**DATASET CONTENT:**
+-------+

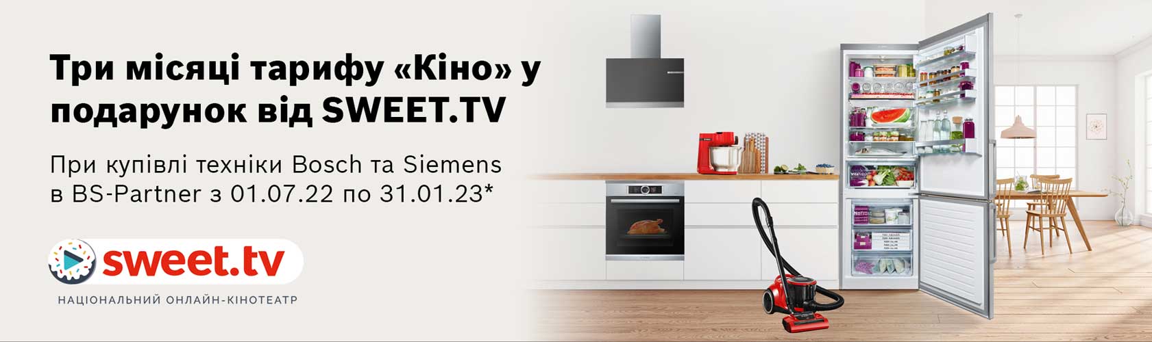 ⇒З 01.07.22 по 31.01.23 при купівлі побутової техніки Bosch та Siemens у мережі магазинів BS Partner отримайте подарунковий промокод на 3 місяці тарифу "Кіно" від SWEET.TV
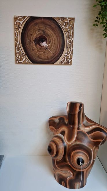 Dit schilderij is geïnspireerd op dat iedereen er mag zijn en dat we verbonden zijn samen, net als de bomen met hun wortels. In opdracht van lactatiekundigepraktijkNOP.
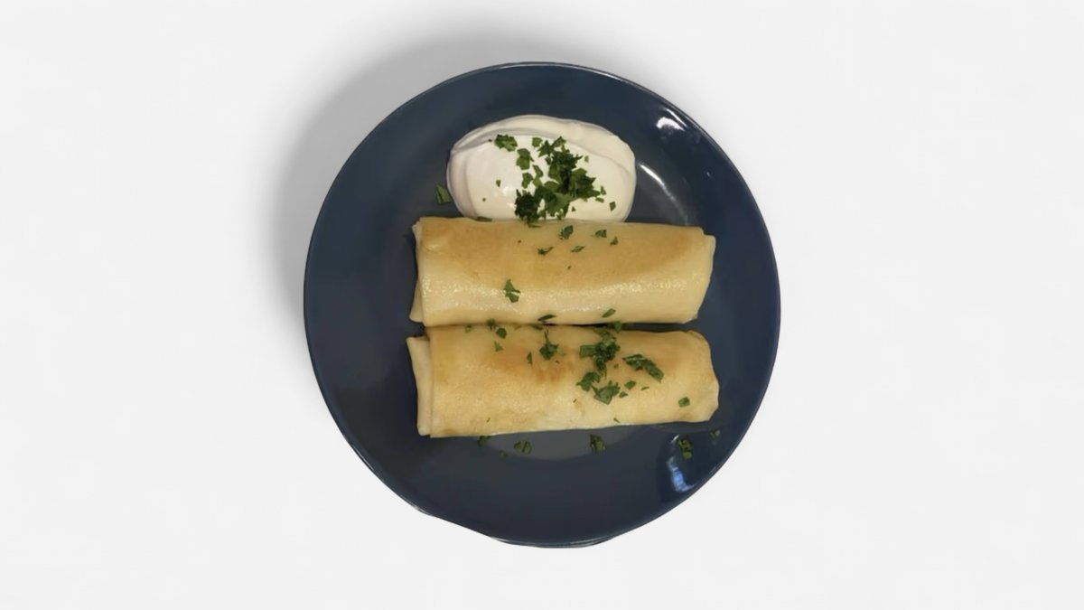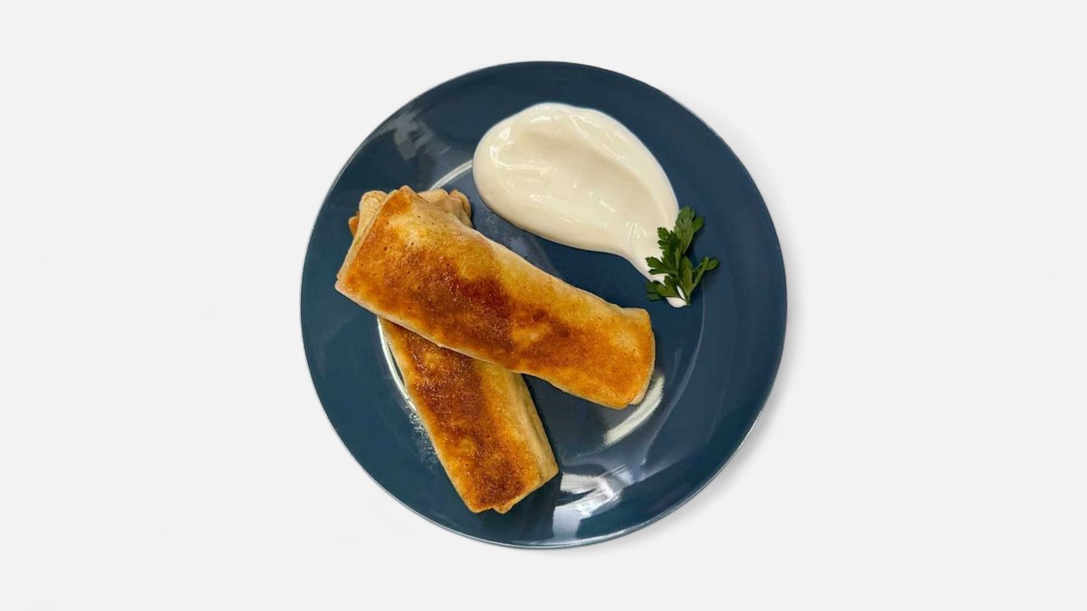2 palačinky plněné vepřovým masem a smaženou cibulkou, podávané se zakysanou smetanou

+-------+

**TASK REQUIREMENTS:** With the pictures left out, return the listing above exactly as it stands.

**RESULT OF THIS TASK:**
 ⇒З 01.07.22 по 31.01.23 при купівлі побутової техніки Bosch та Siemens у мережі магазинів BS Partner отримайте подарунковий промокод на 3 місяці тарифу "Кіно" від SWEET.TV
 Dit schilderij is geïnspireerd op dat iedereen er mag zijn en dat we verbonden zijn samen, net als de bomen met hun wortels. In opdracht van lactatiekundigepraktijkNOP.
2 palačinky plněné vepřovým masem a smaženou cibulkou, podávané se zakysanou smetanou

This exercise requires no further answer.